Memleketimden İnsan Manzaraları 368

Diken Tarlasından Gül Bahçesine 32

 

 

HELE BİR YENELİM ŞU DÜŞMANI

 

ne yüksekliğinden söz etti dağların

ne düşmanın çokluğundan

öyle bir yürüdü ki kılıcını kuşanıp

yer gök titredi utancından

                            H.E.

 

 

“Deniz kıyısında bir yazlıkta değil de köyde bir bahçede, çiftlikte yaşamanın en güzel yanı nedir?” diye sorarsanız bana, ne olurdu yanıtım diye düşündüm; birkaç gün önce.

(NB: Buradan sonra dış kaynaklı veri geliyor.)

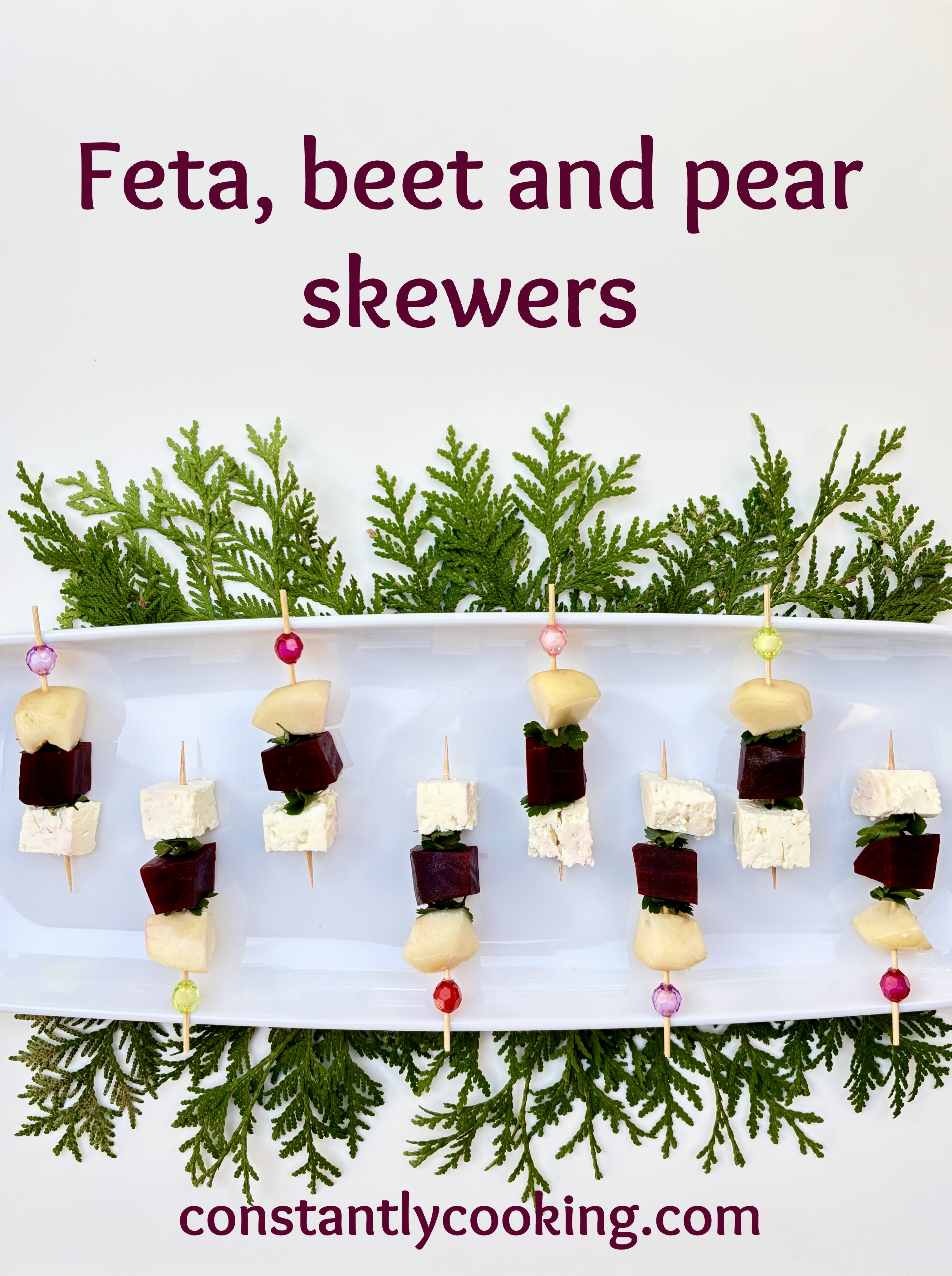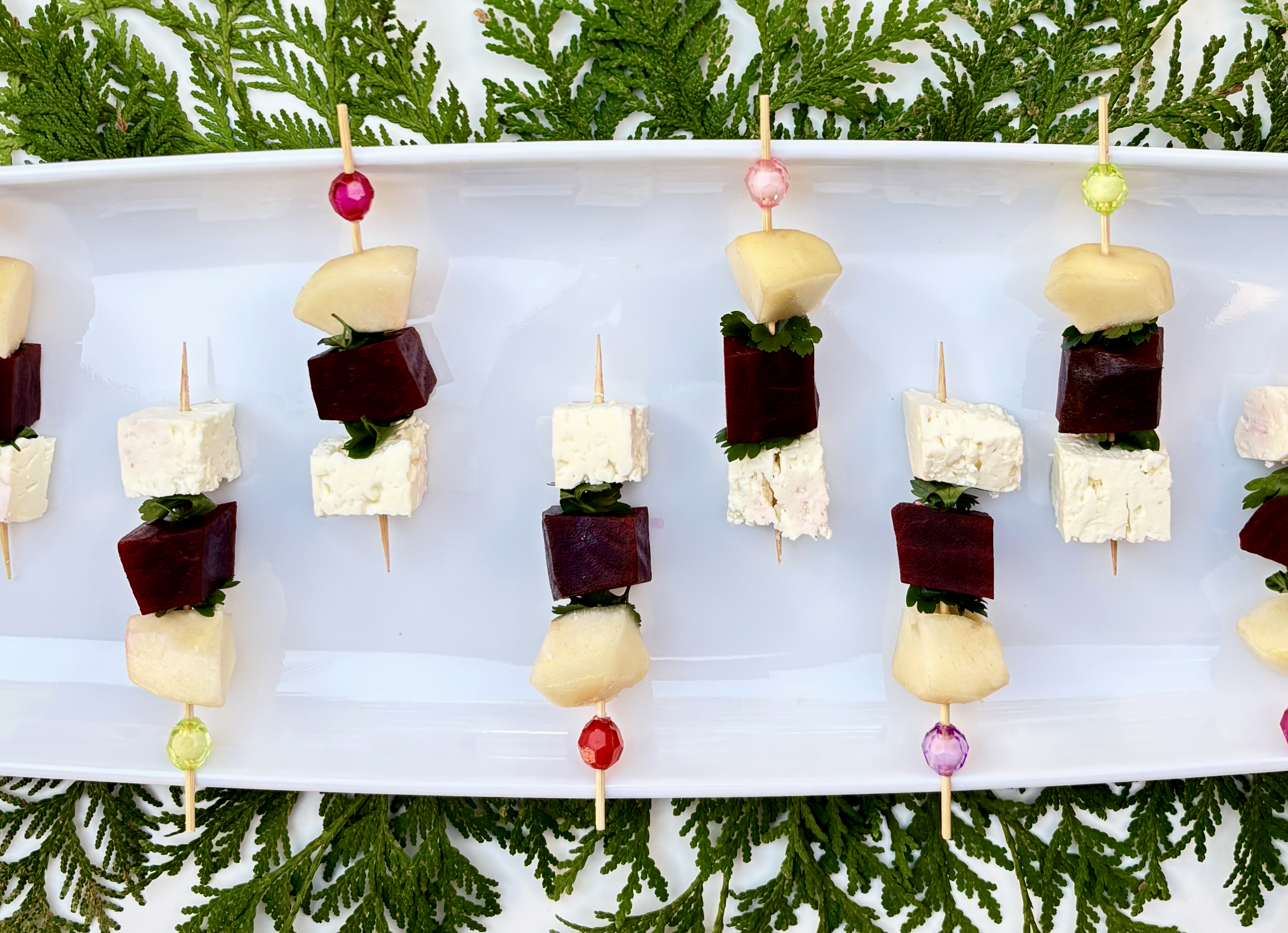 Beets and cheese have been a popular combination for decades and I love pulling this pair together in different ways, such as this tasty salad and these crowd-pleasing tarts. To elevate the presentation of these vegetarian treats I found some fancy skewers at my local dollar store; I’ve seen them at kitchen shops as well.

Başkaları farklı farklı şeyler söyleyebilir bu konuda ve haklıdırlar kendilerince. Benim, daha doğrusu ailece bizim, “Küçük Çiftlik”te en mutlu olduğumuz günler, dostlarla birlikte olduğumuz anlardı. Gerçekten de yaz boyunca bahçede yaşamaya başladıktan sonra, neredeyse her hafta rahatlıkla davet edebiliyorduk; en az dört beş aileyi. Dört duvar arasına sıkıştırmadığımız için kimseyi, biz de rahattık, dostlarımız da…

Dumandan da rahatsız olan yoktu, kızaran köfte ve pirzola kokusundan da…

Başkalarını rahatsız etmediğimizi bildiğimiz için yüksek sesle gülüp eğlenmekten de korkmuyorduk, ülkemiz sorunlarını özgürce tartışmaktan da… Kadın, erkek, çoluk çocuk herkes, hiç çekinmeden açıkça söylerdi düşüncesini.

Ayran ve limonatadan rakıya, bira ve koladan şaraba birkaç içki bulunurdu masada. Herkes ne arzu ederse onu doldururdu; kadehine, bardağına. İç de denmezdi kimseye, içme de…

Genellikle çocuklar ve gençler için ayrı bir masa kurulurdu. Ne güzel şakalaşıp gülüşürdü onlar! Yemeklerini bitirir bitirmez kalkar, ya havuza girer ya basketbol oynarlardı.

O gün, eşimin Ankara Kız Teknik Yüksek Öğretmen Okulu’ndan sınıf arkadaşı Selma Türkdoğan ve eşi Doğu Bey de varsa aramızda, daha bir neşeli olurdu soframız.

Doğu Bey, kimseye bırakmazdı mangal işini. Ateş yakmasından pişirmesine, sofraya getirmesine varıncaya dek zevkle yapardı her şeyi. Hiç eksik etmeden gülümsemesini yüzünden… Fehmi Akbal,  Prof. Dr. İlhan Sungur ve Prof. Dr. Alpaslan Kulalı dostlarımızın ciddi görünümlü şakalarına bile aldırış etmeden… Mat olmaz ama öyle mat ederdi ki bizi!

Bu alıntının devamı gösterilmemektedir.